Int J Radiat Biol. 2007 Apr;83(4):221-30. doi: 10.1080/09553000701227565.
This work is based on our earlier research of the Resonant Recognition Model (RRM), where we have proposed that protein activation is electromagnetic in its nature. In this study we investigated experimentally the possibility of modulating the protein activity by the electromagnetic radiation of the specific frequency. The concept is studied here by applying a visible light radiation to example of 1-Lactate Dehydrogenase enzyme (LDH).
The selected LDH example is radiated by monochromatic visible light in a frequency range predicted computationally by the RRM. The kinetics of the irradiated LDH is measured by continuous monitoring of the NADH absorption at 340 nm.

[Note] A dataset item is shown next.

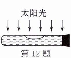 12. 将盛有清水的封闭试管水平放置,内有一个较大的空气泡,如图所示。阳光垂直照射试管,在空气泡下方的白纸上,出现一个椭圆形的“阴影”。“阴影”形成的原因是空气泡下方的水相当于一个

A comparative analysis of the LDH enzyme activity before and after the electromagnetic field (EMF) exposures is performed. It was found that the LDH activity is selectively increased only by the radiation at the particular wavelengths of 595 nm and 828 nm. These experimentally determined wavelengths of the applied EMF are within the range predicted by the RRM.
Results reveal the LDH activity was modulated by the EMF exposures at the computationally predicted frequencies. The RRM concept presented provides new insights into proteins susceptibility to perturbation by electromagnetic radiation and possibility to program, predict, design and modify proteins and their bioactivity.
本研究基于我们早期对共振识别模型(RRM)的研究,我们在该研究中提出蛋白质激活本质上是电磁性的。在本研究中,我们通过实验研究了利用特定频率的电磁辐射调节蛋白质活性的可能性。这里通过以1-乳酸脱氢酶(LDH)为例应用可见光辐射来研究这一概念。
所选的LDH样本在RRM通过计算预测的频率范围内用单色可见光进行辐射。通过连续监测340nm处NADH的吸光度来测量辐照后LDH的动力学。
对电磁场(EMF)暴露前后的LDH酶活性进行了比较分析。发现仅在595nm和828nm的特定波长处的辐射会选择性地增加LDH活性。这些通过实验确定的所施加EMF的波长在RRM预测的范围内。
结果表明,在通过计算预测的频率下,EMF暴露可调节LDH活性。所提出的RRM概念为蛋白质对电磁辐射扰动的敏感性以及对蛋白质及其生物活性进行编程、预测、设计和修饰的可能性提供了新的见解。